• WHAT TO DO: Each entry must be given again exactly; images do not belong in the copy.

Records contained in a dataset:
- - -

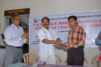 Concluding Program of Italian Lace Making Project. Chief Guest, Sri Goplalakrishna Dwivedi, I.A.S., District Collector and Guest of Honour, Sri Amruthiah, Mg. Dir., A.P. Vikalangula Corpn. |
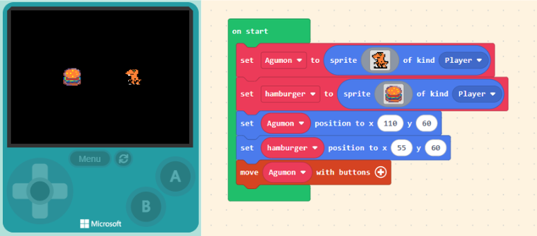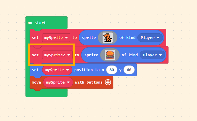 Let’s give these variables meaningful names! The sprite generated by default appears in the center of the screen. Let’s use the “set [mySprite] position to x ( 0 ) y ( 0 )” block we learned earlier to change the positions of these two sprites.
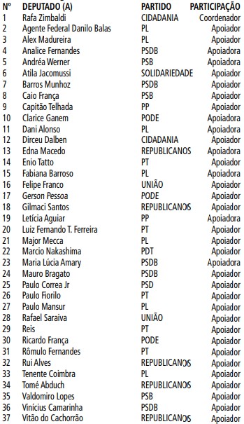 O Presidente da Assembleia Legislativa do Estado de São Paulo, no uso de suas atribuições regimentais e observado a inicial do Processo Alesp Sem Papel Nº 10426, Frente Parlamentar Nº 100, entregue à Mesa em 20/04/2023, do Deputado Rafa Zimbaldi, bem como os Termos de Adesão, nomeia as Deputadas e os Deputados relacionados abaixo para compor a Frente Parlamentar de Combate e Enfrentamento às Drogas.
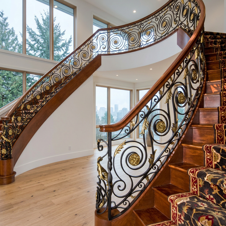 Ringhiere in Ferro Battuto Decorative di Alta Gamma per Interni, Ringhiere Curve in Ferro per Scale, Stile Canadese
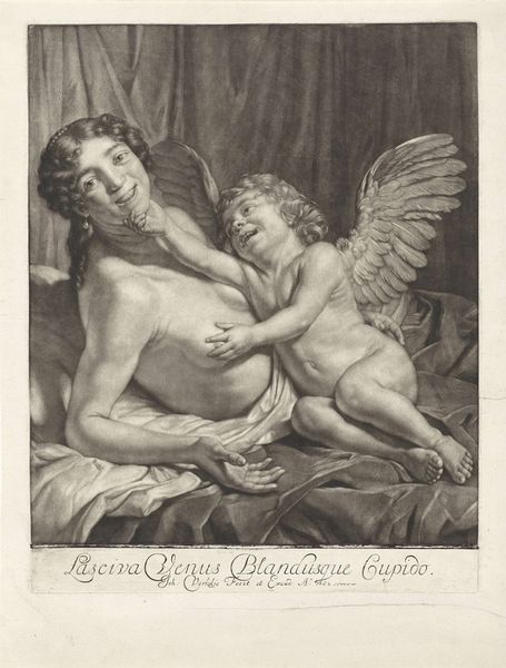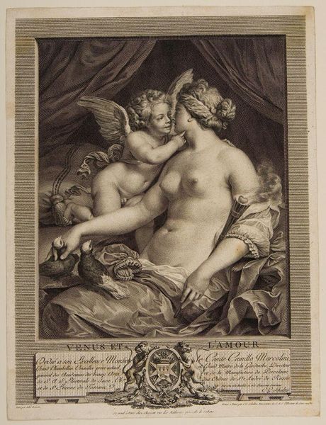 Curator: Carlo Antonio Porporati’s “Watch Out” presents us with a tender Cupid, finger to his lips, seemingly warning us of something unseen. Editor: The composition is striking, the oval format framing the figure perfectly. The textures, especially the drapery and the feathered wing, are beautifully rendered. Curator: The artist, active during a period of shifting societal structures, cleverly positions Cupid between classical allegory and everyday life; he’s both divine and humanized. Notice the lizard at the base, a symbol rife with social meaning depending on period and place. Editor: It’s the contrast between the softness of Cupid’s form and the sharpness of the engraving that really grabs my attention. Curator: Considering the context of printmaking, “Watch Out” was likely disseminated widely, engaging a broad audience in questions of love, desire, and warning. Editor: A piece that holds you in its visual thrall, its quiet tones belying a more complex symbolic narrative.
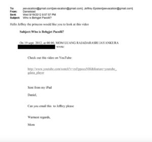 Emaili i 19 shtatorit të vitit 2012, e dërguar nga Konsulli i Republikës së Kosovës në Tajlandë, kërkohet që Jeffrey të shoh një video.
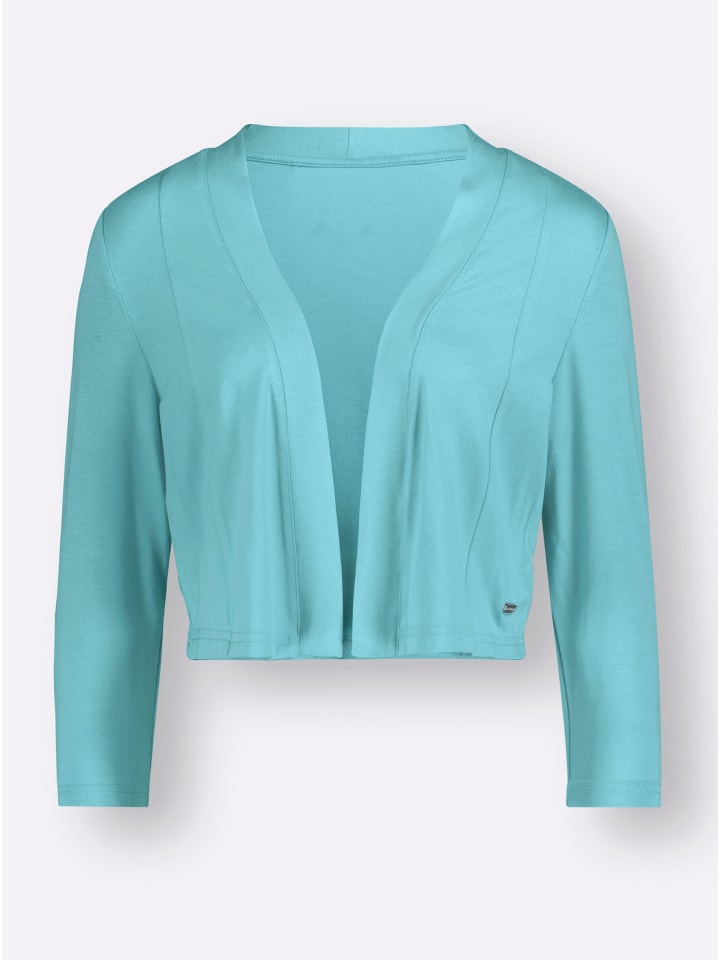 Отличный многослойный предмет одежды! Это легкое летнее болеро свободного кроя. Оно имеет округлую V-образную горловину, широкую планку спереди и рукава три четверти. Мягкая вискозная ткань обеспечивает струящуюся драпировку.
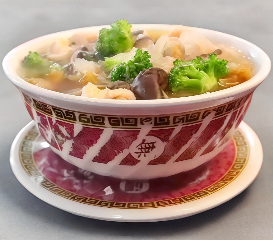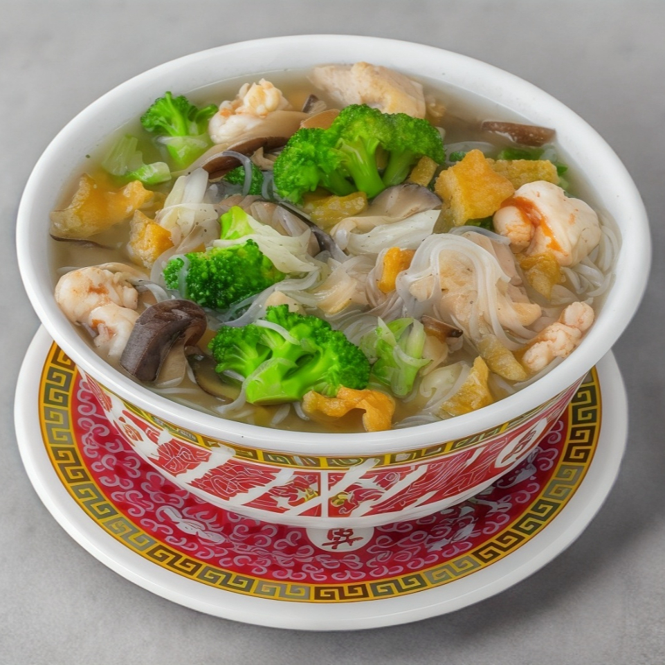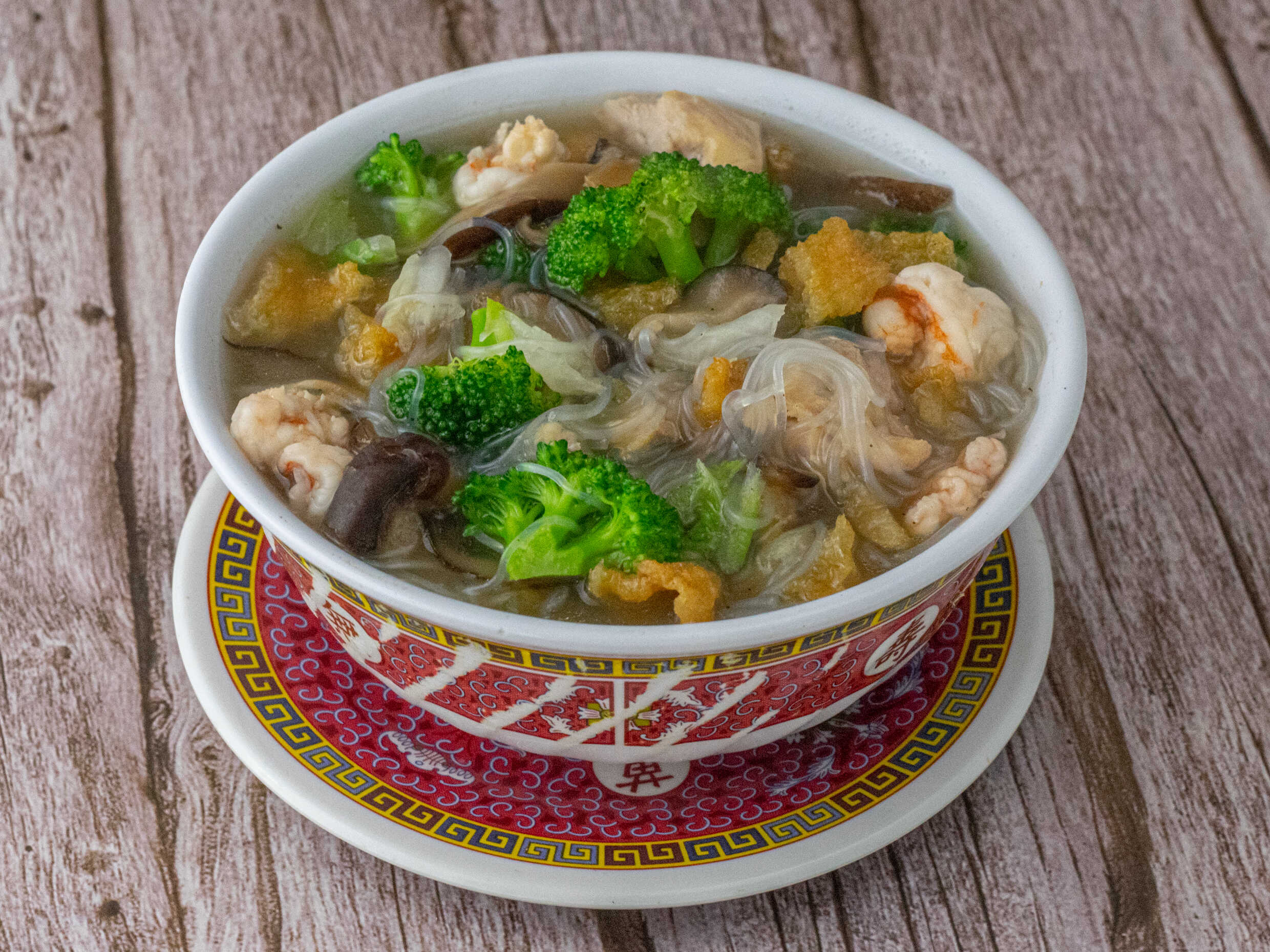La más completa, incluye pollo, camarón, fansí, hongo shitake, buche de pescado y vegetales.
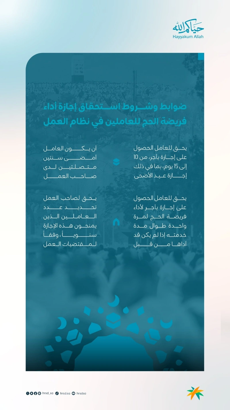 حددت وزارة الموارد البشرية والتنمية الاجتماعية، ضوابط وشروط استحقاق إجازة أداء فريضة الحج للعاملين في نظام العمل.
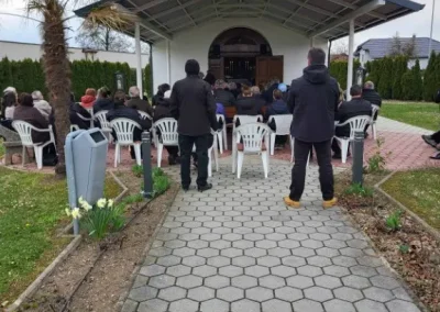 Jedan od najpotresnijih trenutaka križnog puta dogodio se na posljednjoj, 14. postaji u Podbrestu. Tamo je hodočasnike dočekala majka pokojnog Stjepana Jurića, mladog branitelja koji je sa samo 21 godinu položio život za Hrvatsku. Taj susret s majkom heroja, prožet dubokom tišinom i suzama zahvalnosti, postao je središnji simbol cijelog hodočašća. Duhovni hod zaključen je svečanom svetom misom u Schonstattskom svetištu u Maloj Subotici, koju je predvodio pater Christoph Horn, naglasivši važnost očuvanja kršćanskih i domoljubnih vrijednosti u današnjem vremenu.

- - -

• RESULT OF THIS TASK:
 Concluding Program of Italian Lace Making Project. Chief Guest, Sri Goplalakrishna Dwivedi, I.A.S., District Collector and Guest of Honour, Sri Amruthiah, Mg. Dir., A.P. Vikalangula Corpn. |
 Let’s give these variables meaningful names! The sprite generated by default appears in the center of the screen. Let’s use the “set [mySprite] position to x ( 0 ) y ( 0 )” block we learned earlier to change the positions of these two sprites.
 O Presidente da Assembleia Legislativa do Estado de São Paulo, no uso de suas atribuições regimentais e observado a inicial do Processo Alesp Sem Papel Nº 10426, Frente Parlamentar Nº 100, entregue à Mesa em 20/04/2023, do Deputado Rafa Zimbaldi, bem como os Termos de Adesão, nomeia as Deputadas e os Deputados relacionados abaixo para compor a Frente Parlamentar de Combate e Enfrentamento às Drogas.
 Ringhiere in Ferro Battuto Decorative di Alta Gamma per Interni, Ringhiere Curve in Ferro per Scale, Stile Canadese
 Curator: Carlo Antonio Porporati’s “Watch Out” presents us with a tender Cupid, finger to his lips, seemingly warning us of something unseen. Editor: The composition is striking, the oval format framing the figure perfectly. The textures, especially the drapery and the feathered wing, are beautifully rendered. Curator: The artist, active during a period of shifting societal structures, cleverly positions Cupid between classical allegory and everyday life; he’s both divine and humanized. Notice the lizard at the base, a symbol rife with social meaning depending on period and place. Editor: It’s the contrast between the softness of Cupid’s form and the sharpness of the engraving that really grabs my attention. Curator: Considering the context of printmaking, “Watch Out” was likely disseminated widely, engaging a broad audience in questions of love, desire, and warning. Editor: A piece that holds you in its visual thrall, its quiet tones belying a more complex symbolic narrative.
 Emaili i 19 shtatorit të vitit 2012, e dërguar nga Konsulli i Republikës së Kosovës në Tajlandë, kërkohet që Jeffrey të shoh një video.
 Отличный многослойный предмет одежды! Это легкое летнее болеро свободного кроя. Оно имеет округлую V-образную горловину, широкую планку спереди и рукава три четверти. Мягкая вискозная ткань обеспечивает струящуюся драпировку.
La más completa, incluye pollo, camarón, fansí, hongo shitake, buche de pescado y vegetales.
 حددت وزارة الموارد البشرية والتنمية الاجتماعية، ضوابط وشروط استحقاق إجازة أداء فريضة الحج للعاملين في نظام العمل.
 Jedan od najpotresnijih trenutaka križnog puta dogodio se na posljednjoj, 14. postaji u Podbrestu. Tamo je hodočasnike dočekala majka pokojnog Stjepana Jurića, mladog branitelja koji je sa samo 21 godinu položio život za Hrvatsku. Taj susret s majkom heroja, prožet dubokom tišinom i suzama zahvalnosti, postao je središnji simbol cijelog hodočašća. Duhovni hod zaključen je svečanom svetom misom u Schonstattskom svetištu u Maloj Subotici, koju je predvodio pater Christoph Horn, naglasivši važnost očuvanja kršćanskih i domoljubnih vrijednosti u današnjem vremenu.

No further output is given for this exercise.